Urška Vesenjak
- Country (sports): Slovenia
- Born: 12 September 1982 (age 42) Maribor, SFR Yugoslavia
- Turned pro: 1999
- Retired: 2003
- Plays: Right-handed (two-handed backhand)
- Prize money: $22,668

Singles
- Career record: 67 - 40
- Career titles: 4 ITF
- Highest ranking: 295 (18 December 2000)

Doubles
- Career record: 35 - 34
- Career titles: 2 ITF
- Highest ranking: 295 (18 December 2000)

= Urška Vesenjak =

Slovenian tennis player

Urška Vesenjak (born 12 September 1982) is a former Slovenian female tennis player.

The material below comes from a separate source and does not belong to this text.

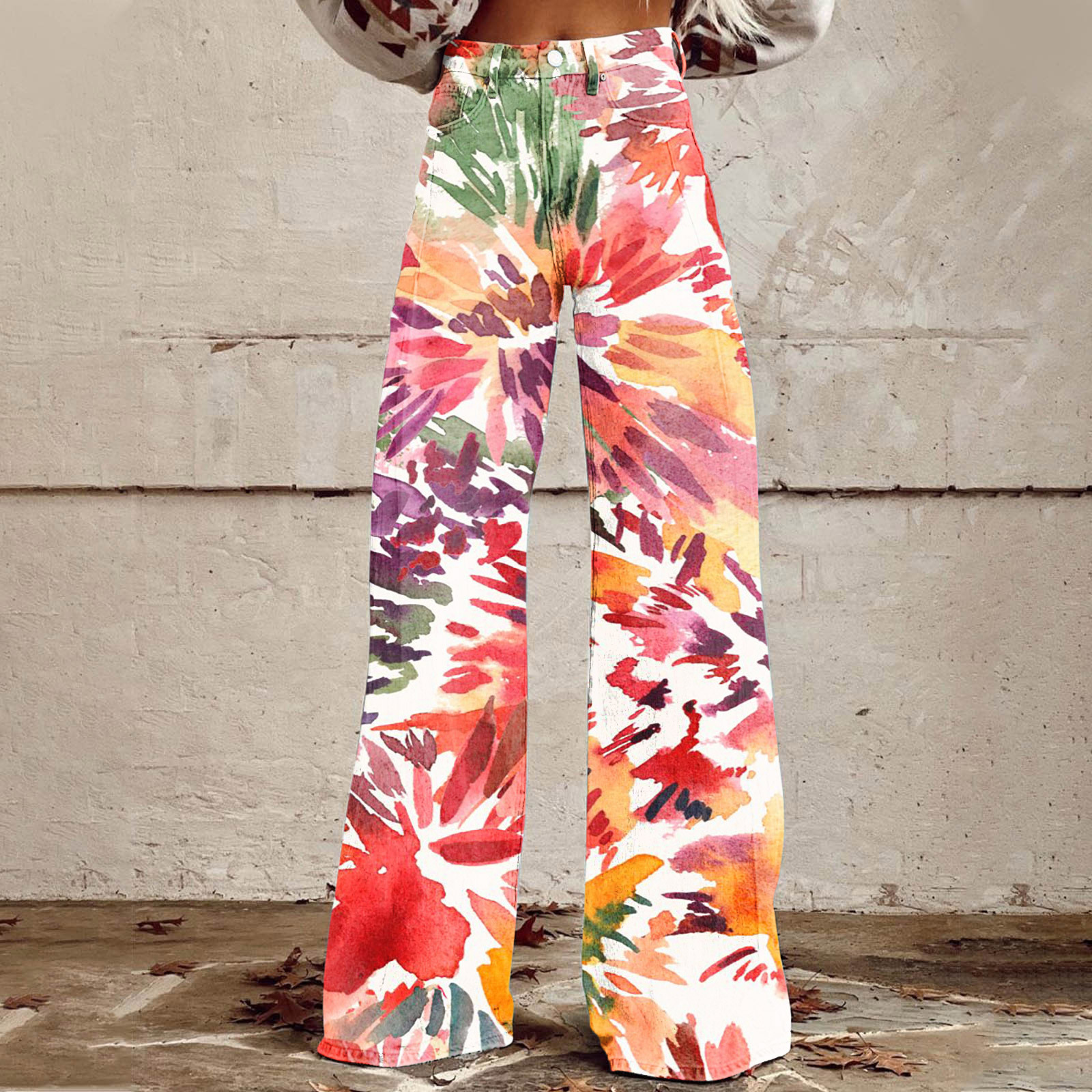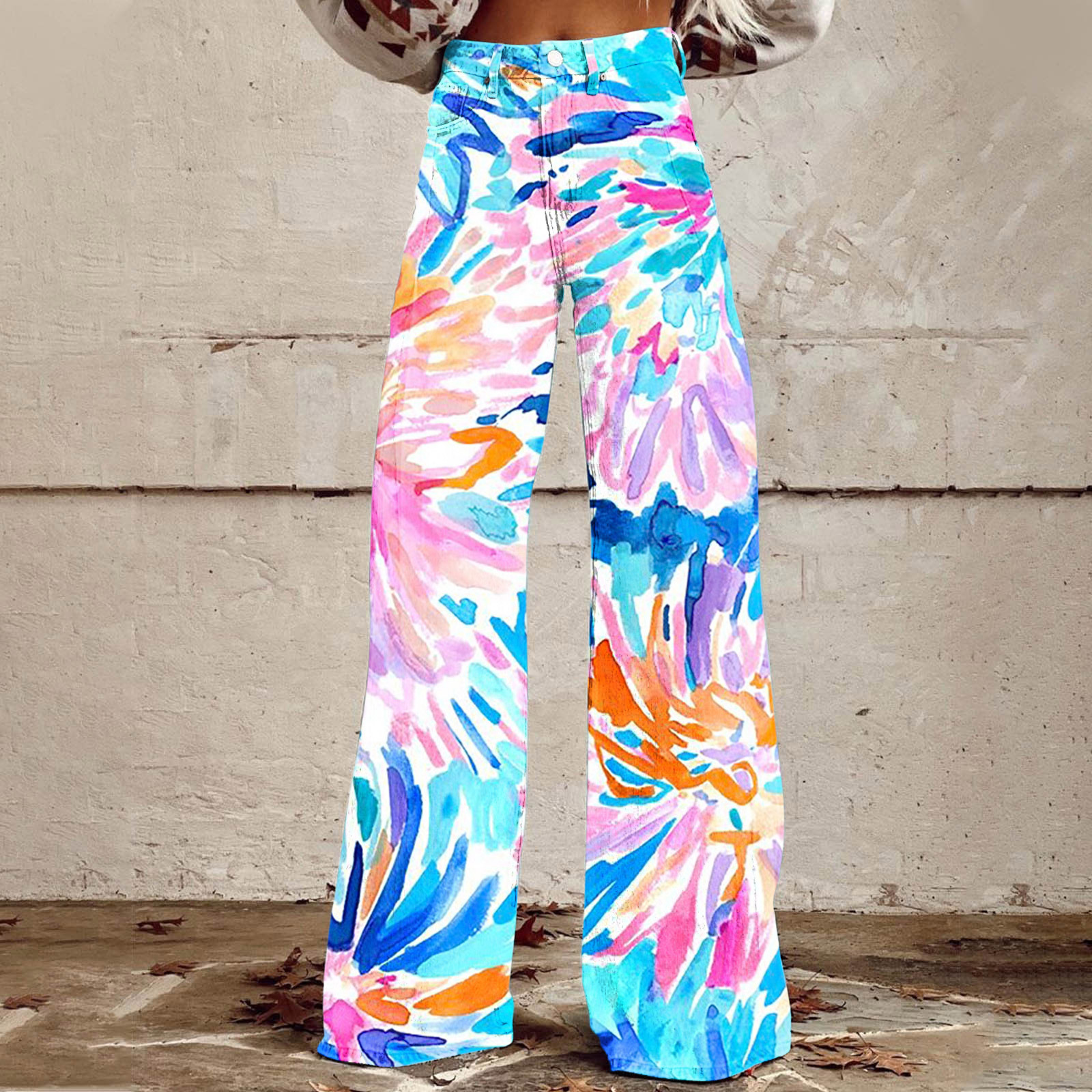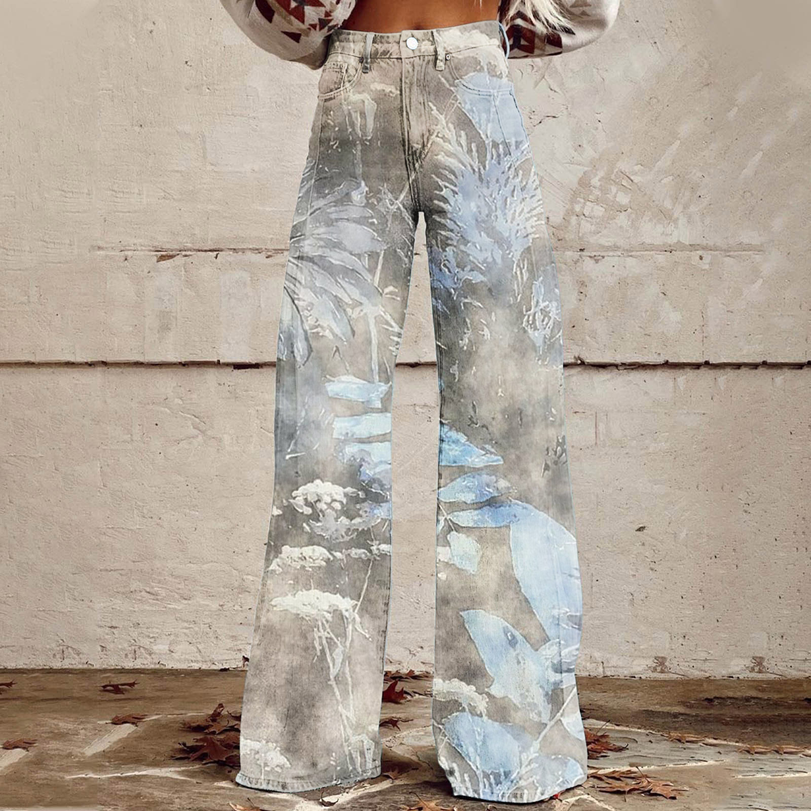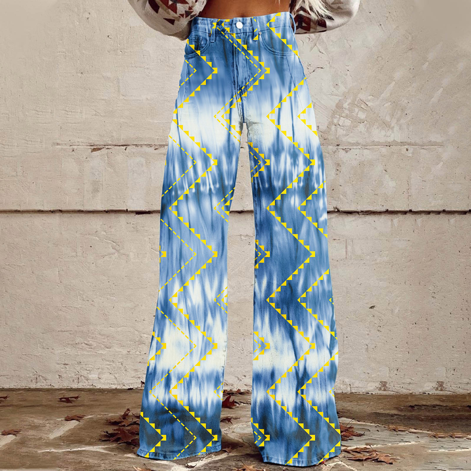 Autumn new gradient wide leg men's and women's sports pants, fashionable imitation denim 3D printed cross-border popular casual pants

Vesenjak has won 4 singles titles and two doubles titles on the ITF tour in her career. On 18 December 2000, she reached her best singles ranking of world number 295. On 18 December 2000, she peaked at world number 295 in the doubles rankings.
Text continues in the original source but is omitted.